There isn’t one fixed price for CPAP with insurance, because coverage and costs depend on your plan. But here’s a simple way to think about it: CPAP machines usually range from about $500 to $1,000 or more before insurance. Some basic models are at the lower end of that range, while machines with extra features can cost more. BiPAP or auto-adjusting models tend to be more expensive.
If you have insurance that covers CPAP as durable medical equipment, your plan may pay a large portion of the machine’s cost once you meet any deductible and coverage requirements. With programs like Medicare, for example, after the Part B deductible, you’re generally responsible for about 20% of the approved amount for the machine and supplies, and Medicare pays the rest.
The cost of CPAP machines with insurance usually breaks down like this:
- You may pay the full cost up to your deductible before insurance starts to help.
- Once insurance kicks in, you’ll usually pay your share such as coinsurance or copays.
- Supplies like masks, tubing, and filters are usually covered separately on a replacement schedule.
Because plans vary, the best way to know your exact cost is to check your benefits or call your plan’s customer service.
How much is a CPAP machine without insurance?
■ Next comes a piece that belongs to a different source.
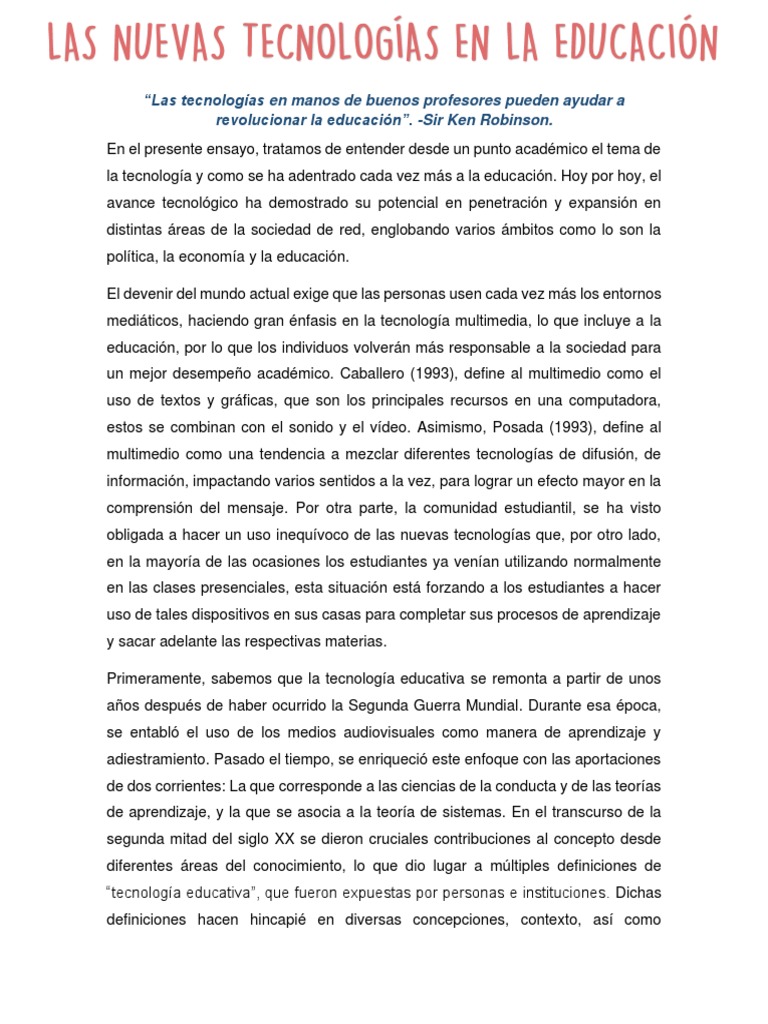 la tecnología y como se ha adentrado cada vez más a la educación. Hoy por hoy, el
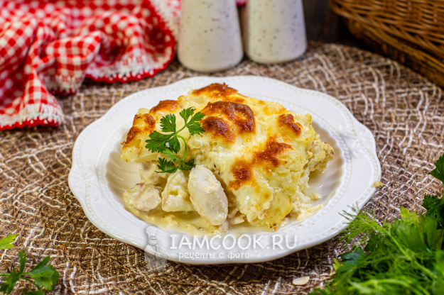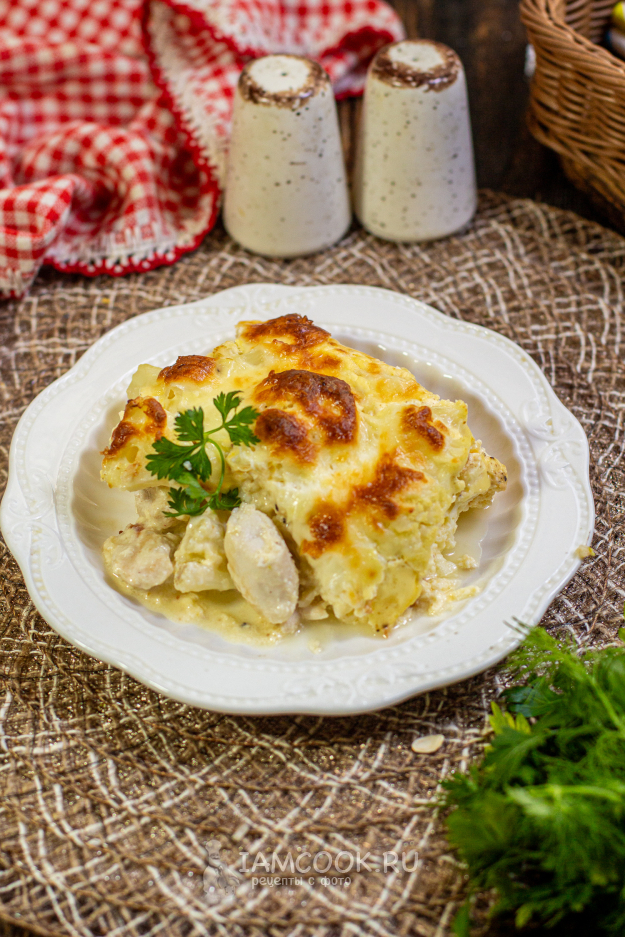 Соберите все необходимые ингредиенты для приготовления запеканки из цветной капусты с курицей в аэрогриле.

The cost of a CPAP machine without insurance varies, depending on the model and features you choose. Most basic CPAP machines fall roughly in the $500 to $1,200 range. Some very simple or travel machines can cost less, while bilevel (BiPAP) and auto-adjusting (APAP) devices usually cost more, often $1,700 or higher.
When weighing CPAP cost, remember that you also need to purchase supplies, such as masks, tubing, and filters. These are essential for CPAP therapy and need to be replaced as you use your machine.
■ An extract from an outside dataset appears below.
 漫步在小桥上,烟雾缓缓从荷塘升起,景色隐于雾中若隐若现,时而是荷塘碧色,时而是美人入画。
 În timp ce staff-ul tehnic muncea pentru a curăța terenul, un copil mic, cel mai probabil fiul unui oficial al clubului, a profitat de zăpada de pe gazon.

How often will insurance pay for a new CPAP machine?
Most insurance plans will pay for a new CPAP machine about every 5 years, as long as you still need CPAP therapy and have a current prescription. This 5-year timeline is based on Medicare guidelines, which many private insurers also follow. Coverage rules can vary by plan, so check your benefits or ask your CPAP supplier before replacing your device.
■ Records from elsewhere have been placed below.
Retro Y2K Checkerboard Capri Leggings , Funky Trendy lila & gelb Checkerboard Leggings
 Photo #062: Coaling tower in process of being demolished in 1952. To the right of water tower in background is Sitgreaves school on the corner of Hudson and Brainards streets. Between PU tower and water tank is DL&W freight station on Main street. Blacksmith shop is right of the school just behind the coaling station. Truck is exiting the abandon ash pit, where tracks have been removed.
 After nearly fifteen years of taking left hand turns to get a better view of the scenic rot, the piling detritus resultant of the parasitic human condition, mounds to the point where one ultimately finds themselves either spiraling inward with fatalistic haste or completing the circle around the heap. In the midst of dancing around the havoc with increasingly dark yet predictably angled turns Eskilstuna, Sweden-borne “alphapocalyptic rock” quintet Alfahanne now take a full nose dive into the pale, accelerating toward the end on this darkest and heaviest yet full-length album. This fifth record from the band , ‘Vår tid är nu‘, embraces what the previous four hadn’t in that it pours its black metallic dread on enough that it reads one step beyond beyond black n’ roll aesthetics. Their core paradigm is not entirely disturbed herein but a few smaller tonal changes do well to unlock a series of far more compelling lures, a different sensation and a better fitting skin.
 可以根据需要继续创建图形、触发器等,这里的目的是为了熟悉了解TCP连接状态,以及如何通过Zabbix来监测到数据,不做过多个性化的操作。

How often does insurance pay for CPAP supplies?
Most insurance plans pay for CPAP supplies on a regular replacement schedule rather than all at once. Exact timing can vary by plan, but many insurers follow Medicare guidelines. Under this schedule, you can replace your mask frame, headgear, and chin strap every 6 months; full-face mask cushions every month; and nasal cushions or pillows twice a month. To know exactly what your plan covers and when, check your benefits or ask your CPAP supplier.
Does insurance cover travel CPAP machines?
Most insurance plans don’t cover travel CPAP machines. While your insurance will probably help pay for a standard CPAP machine when it’s medically necessary, travel CPAP devices are often classified as convenience items rather than essential equipment. Because of this, many insurers, including Medicare and Medicaid, expect you to use your primary CPAP machine when traveling.
In rare cases, partial coverage or reimbursement may be possible with prior authorization and documentation of medical necessity, but this varies by plan. Contact your insurer and find out if these units are covered or if an exception is possible. The insurer may ask for documentation from your provider explaining a medical necessity for a second or travel CPAP, especially if having a portable CPAP is essential for frequent travel or work.
You can always pay for a travel CPAP out-of-pocket by using an FSA or HSA, even if your insurance will not reimburse you for the purchase.